**Task to complete:**
Transcribe every line of the material below exactly, leaving out the pictures.

**Data block:**

>>>>

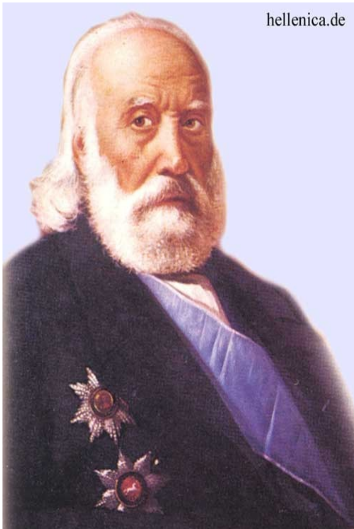
Konstantinos Kanaris, námořní kapitán z povstání 1821, po vzniku státu zůstal v politice, premiérem 1848, 1864, 1876
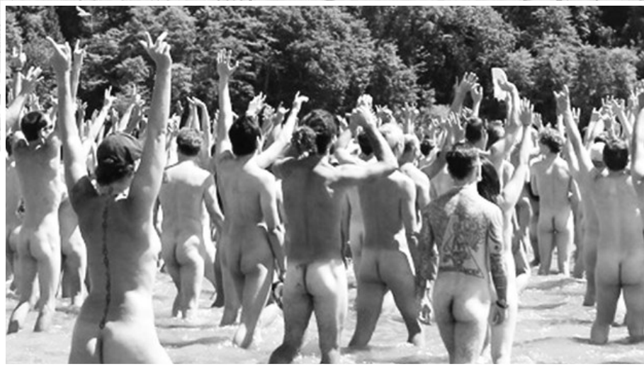
▲▼第二屆爛船灣裸泳大會吸引382人參與。

她強調，人類的城市生活到處都是鋼筋水泥的樓宇，工作時也不得不被衣物所束縛。她說：「我們需要回歸自然，需要釋出壓力，需要真實展現自己。」

<<<<

**Reply:**
Konstantinos Kanaris, námořní kapitán z povstání 1821, po vzniku státu zůstal v politice, premiérem 1848, 1864, 1876
▲▼第二屆爛船灣裸泳大會吸引382人參與。

她強調，人類的城市生活到處都是鋼筋水泥的樓宇，工作時也不得不被衣物所束縛。她說：「我們需要回歸自然，需要釋出壓力，需要真實展現自己。」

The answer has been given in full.